All you need to do is de-skin those suckers. Which sucks. I also take out the green part in the middle. This is called the “germ,” and it basically means your garlic is a bit older. Some people say it’s more bitter, and it doesn’t look great to see green bits in your garlic, so I say, take it out.
Then pulse your garlic in a food processor.
It will last for a week-ish in the fridge.
I also had to add shallots to these sprouts, so I cut those up nice and small.
Ok once you have the garlic and shallots ready, prepare the sprouts. You need to cut off their stems, then cut them in half. Cut from the top to the stem, so there is a piece of stem on both halves. Any leaves that fall off- let them. Then if any leaves look funky, peel them away.
As far as how much sprout you need- for this recipe, I used a little more than 7 oz of raw, trimmed sprouts. I think about 4 oz makes a good-sized side, or 6-8 oz for a meal, per person. Just remember to weigh after you trim them!
I don’t know why, but Big Daddy told me to blanch them first. A quick google search tells me it helps preserve color, texture, and flavor.
Use a spider-skimmer like tool to drop the sprouts in boiling, salted water for about 10-20 seconds, 30 max. The color will brighten wonderfully. Do this in stages, as you don’t want to crowd them.
Once they are all blanched, it’s cooking time! In a big pan, drop some olive oil. I used about a half tablespoon per 6-8 oz or so of spouts. The pan should be on medium heat.
Drop in the sprouts (be careful, if they are holding water it will spatter/steam) into the pan and let them sit for a minute. Not a literal minute necessarily but like “a minute.” Technical.
You want them to cook slowly but also brown/caramelize a little.
I honestly could not tell you how long mine cooked for. Maybe somewhere between 5-10 minutes.
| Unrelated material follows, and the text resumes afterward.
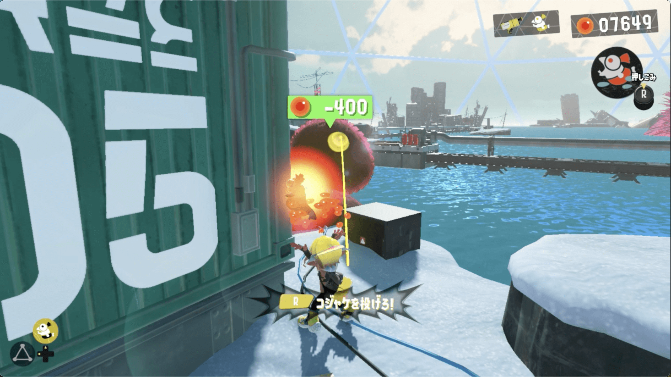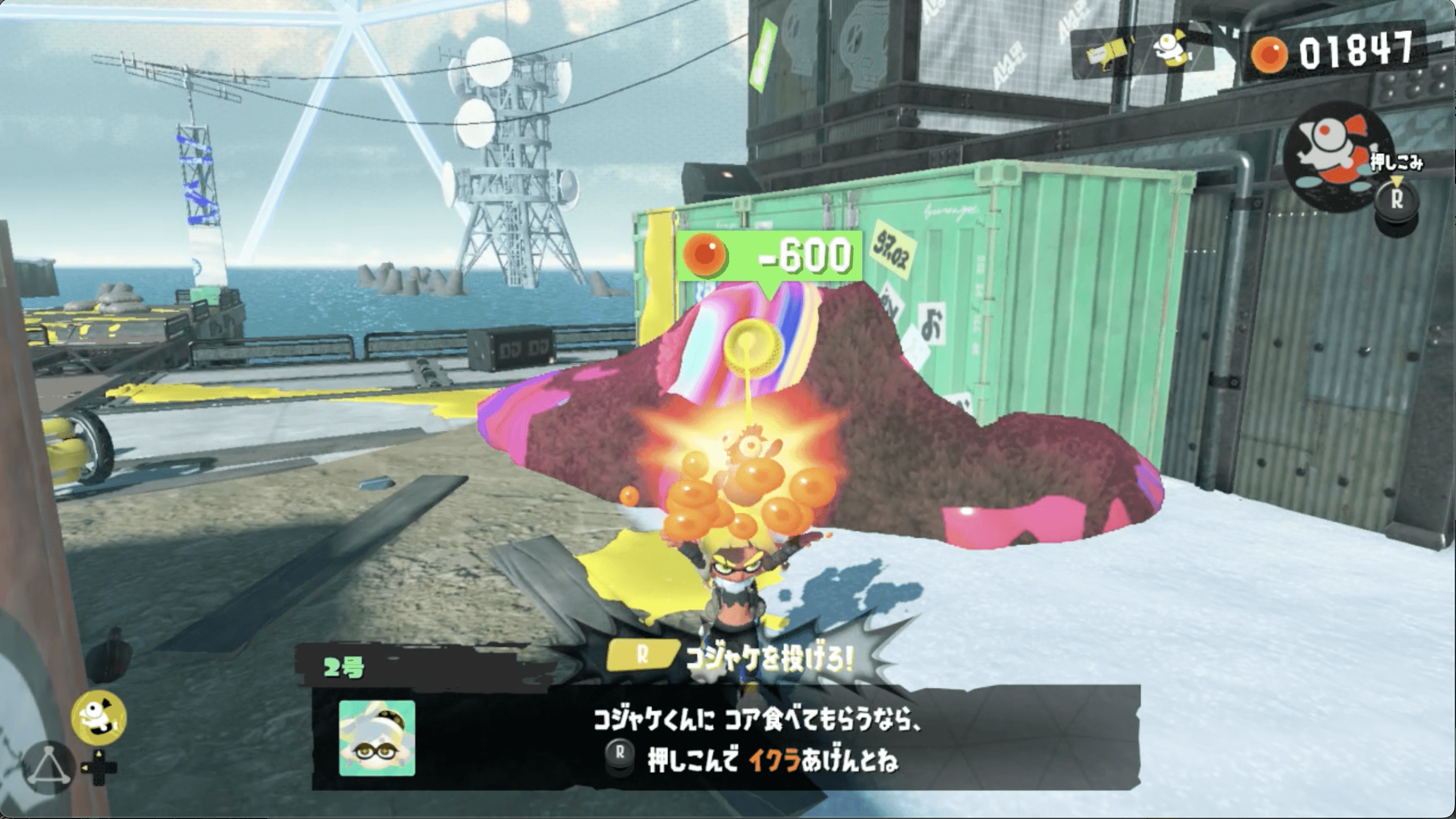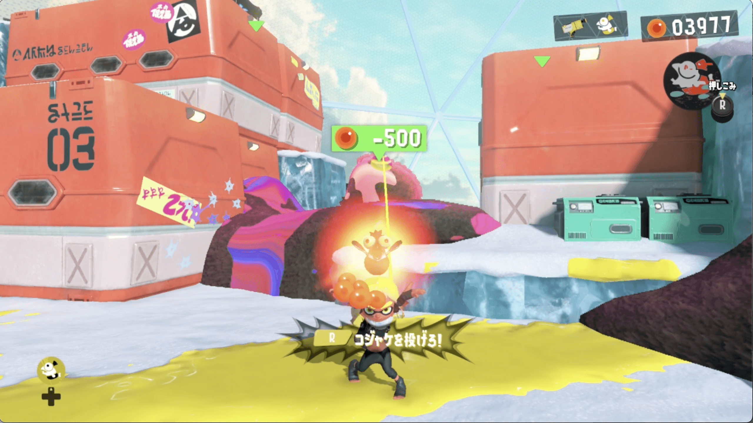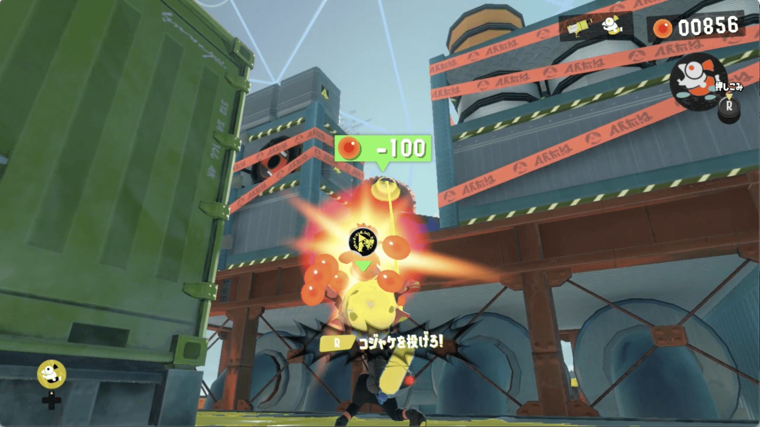 コンテナにかかっているケバインクをイクラ600個で消す |

It all depends on the size of your sprouts, the heat and pan you are using, and how the sprouts are feeling that day. Keep a fork nearby and taste-test a medium sprout when they start took look more done- it should be softer, but also a little firm and have crunch. You also want to taste for salt, since salt also loves Brussels sprouts. Never salt without tasting first!
When it was about 2 or 3 minutes from being done, I added the shallots and garlic. I am watching my figure (obviously) so I didn’t add more oil- if it looked a little dry in the pan, I just sprayed cooking spray.
You want to avoid over-lubricating the sprouts, because it could make them mushy. If you want great flavor, cook them in half oil and half butter. Yum!
Sprout cooking is less of a science and more of an art. I can’t say, “sauté for seven minutes.” All sprouts are different. It’s best to play around with them a time or two and see how you like them cooked best. As for this recipe, when they look and taste done, take them off the stove and plate. Voila!
You can easily top with parmesan cheese for salty deliciousness, or try nuts for a heartier flavor. Bacon is also delicious with sprouts. Like I said, salt loves sprouts!
I chose to keep my sprouts just as they were- oil, shallots, and garlic. With salt and pepper. Perfection.
You can also go sweet with the savory and add a sauce or reduction. I made the pictured sprouts last night, but tonight I did something differently- I left out the shallots and at the last minute, added a very lightly reduced mixture of maple syrup and balsamic vinegar. (Per pound of sprouts, use a mixture of 1 tablespoon maple syrup and 1 ½ tablespoons balsamic.) I stirred the liquid around to coat the sprouts, and after about 30 seconds or so, plated. AMAZING. I was in heaven. I would have taken a picture but I was too fast eating them.
I hope this has educated you all about the wonderful ways to enjoy Brussels sprouts! I haven’t even tried roasting or shredding them yet, which are both amazing looking techniques. I will be sure to share them when I try them. What is your favorite way to eat my beloved sprouts?
PS- in case you’re wondering, for the pictured recipe I used about 8 oz of sprouts, 1/2 Tbsp olive oil, a small shallot, about two cloves of garlic, and salt/pepper to taste. I made this as a meal, but it could have been two side servings. The total for all sprouts? 5 WeightWatchers Points+! If you did make this a side it would be two servings at 2 Points+ each.